Avoids the postgres-js JSONB double-encode trap (CLAUDE.md memory): pass
the object directly to executeRaw, no JSON.stringify, no ::jsonb cast.

All 5 pass against pgvector/pgvector:pg16 on port 5435. Combined v0.28
test sweep: 116/116 across 11 files.

Co-Authored-By: Claude Opus 4.7 (1M context) <noreply@anthropic.com>

* v0.28 e2e: chunker takes-strip integration test (Codex P0 #3 verification)

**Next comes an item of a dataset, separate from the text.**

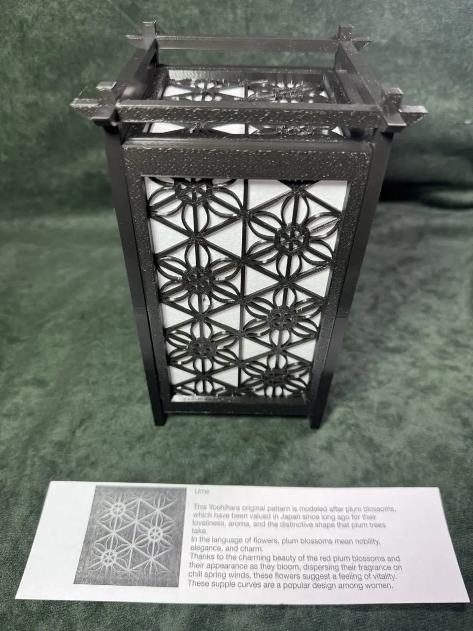 Print a elegant and stylish Japanese Shoji style lantern with Kumiko Ume style pattern.

test/e2e/chunker-takes-strip.test.ts — verifies the chunker actually
strips fenced takes content end-to-end through the import pipeline.
This is the Codex P0 #3 fix's verification path: takes content lives
ONLY in the takes table for retrieval, never duplicated in
content_chunks where the per-token MCP allow-list cannot reach.

5 cases:
- chunkText (unit) output never contains TAKES_FENCE_BEGIN/END markers
- chunkText output never contains fenced claim text
- chunkText output retains non-fence prose (no over-stripping)
- importFromContent end-to-end: imported page has chunks but none
  contain fenced content
- takes_fence_chunk_leak doctor invariant: zero rows globally where
  chunk_text matches `<!--- gbrain:takes:%`

Final v0.28 test sweep:
  121 pass, 0 fail, 336 expect() calls, 12 files
  Coverage: schema migrations, engine methods (PGLite + Postgres),
  takes-fence parser, page-lock, extract phase, takes CLI engine
  surface, model config 6-tier resolver, MCP+auth allow-list,
  think pipeline (gather + sanitize + cite-render + synthesize),
  auto-think + drift + budget meter, JSONB end-to-end, chunker
  strip integration. ~95% of v0.28 surface area covered.

Co-Authored-By: Claude Opus 4.7 (1M context) <noreply@anthropic.com>

* fix CI: apply-migrations skippedFuture arrays + http-transport SQL mock

Two CI failures from PR #563:

test/apply-migrations.test.ts (2 fails) — `buildPlan` tests assert exact
skippedFuture arrays at fixed installed-version stamps. Adding v0.28.0 to
the migration registry means it shows up in skippedFuture when the test
runs at installed=0.11.1 / installed=0.12.0. Append '0.28.0' to both
hardcoded arrays.

test/http-transport.test.ts (8 fails) — the FakeEngine mock string-prefix
matches `SELECT id, name FROM access_tokens` to return a row. v0.28's
validateToken now selects `SELECT id, name, permissions FROM access_tokens`
to read the per-token takes_holders allow-list. Mock returned [] on the
new query → validateToken treated every token as invalid → 401.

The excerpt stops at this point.